- Theatrical Poster
- Directed by: Roger Cantin
- Produced by: Rock Demers Chantal Lafleur
- Starring: Julien Adam Carl Alacchi Manuel Aranguiz Claude Aubin
- Cinematography: Philippe Lavalette
- Edited by: Roger Cantin
- Music by: Ned Bouhalassa
- Production company: Les Productions La Fête
- Distributed by: K Films Amérique
- Release date: August 2009 (Montreal);
- Running time: 90 minutes
- Country: Canada
- Languages: English French

= A Cargo to Africa =

A Cargo to Africa (Un cargo pour l'Afrique) is a 2009 Canadian film directed by Roger Cantin.

== Plot ==
Returning to Canada after a 20-year exile in Africa, where he dedicated himself to humanitarian work, Norbert, a former revolutionary, longs to go home.

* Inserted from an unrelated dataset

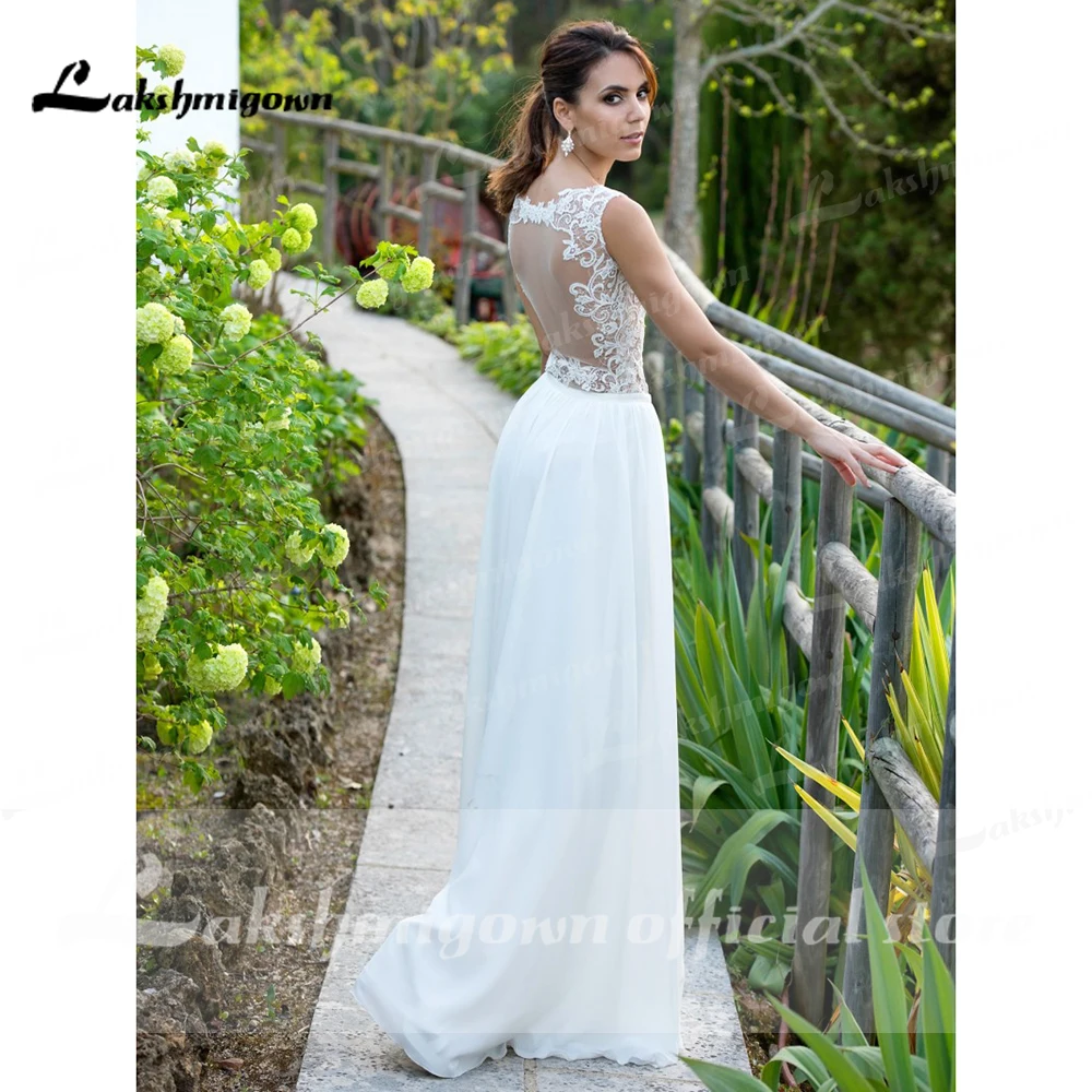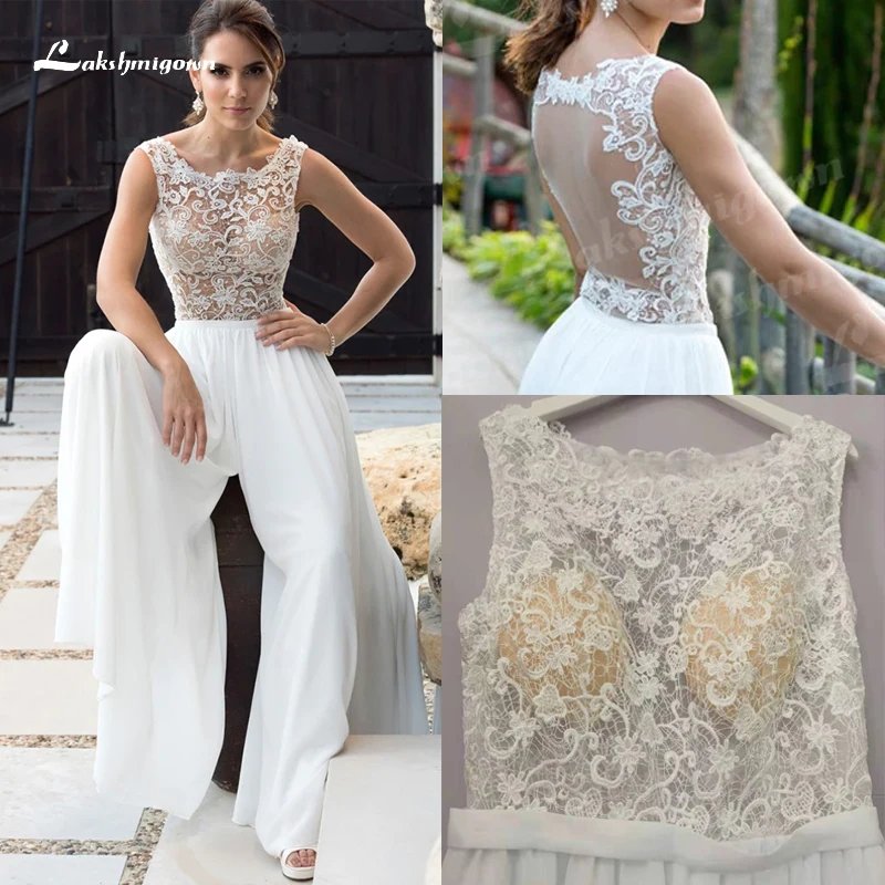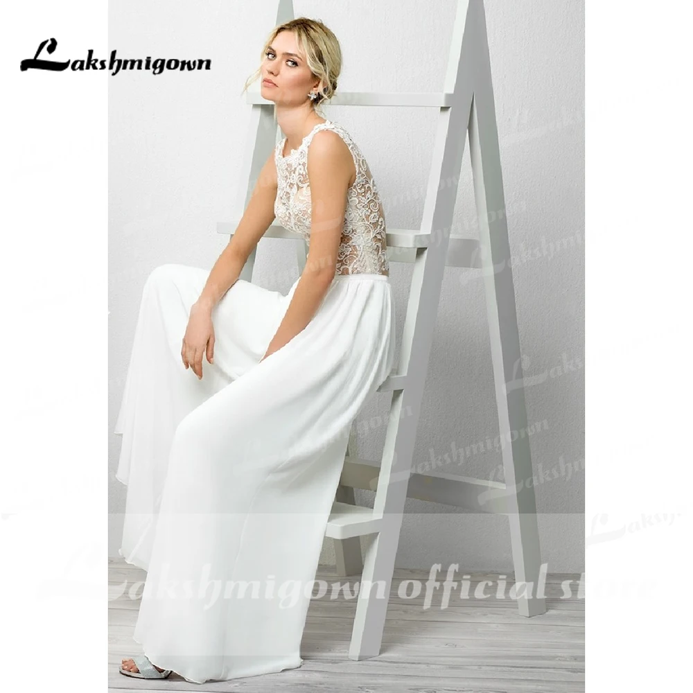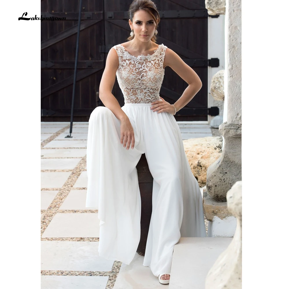 Скромный Белый Свадебный комбинезон, пляжные свадебные платья с круглым вырезом, длина в пол, регулируемый наряд, кружевной халат на заказ

Caught in the Canadian bureaucratic system, he considers stowing away on a cargo ship. Before leaving, he meets a young boy, Christophe, a juvenile delinquent who insists on finding a home for Trotsky, the capuchin monkey Norbert is forced to abandon before boarding the ship. Christophe convinces Norbert to take Trotsky to the zoo and drop him off at his mother's house near Quebec City, where Norbert will have to catch the cargo ship that has left without him.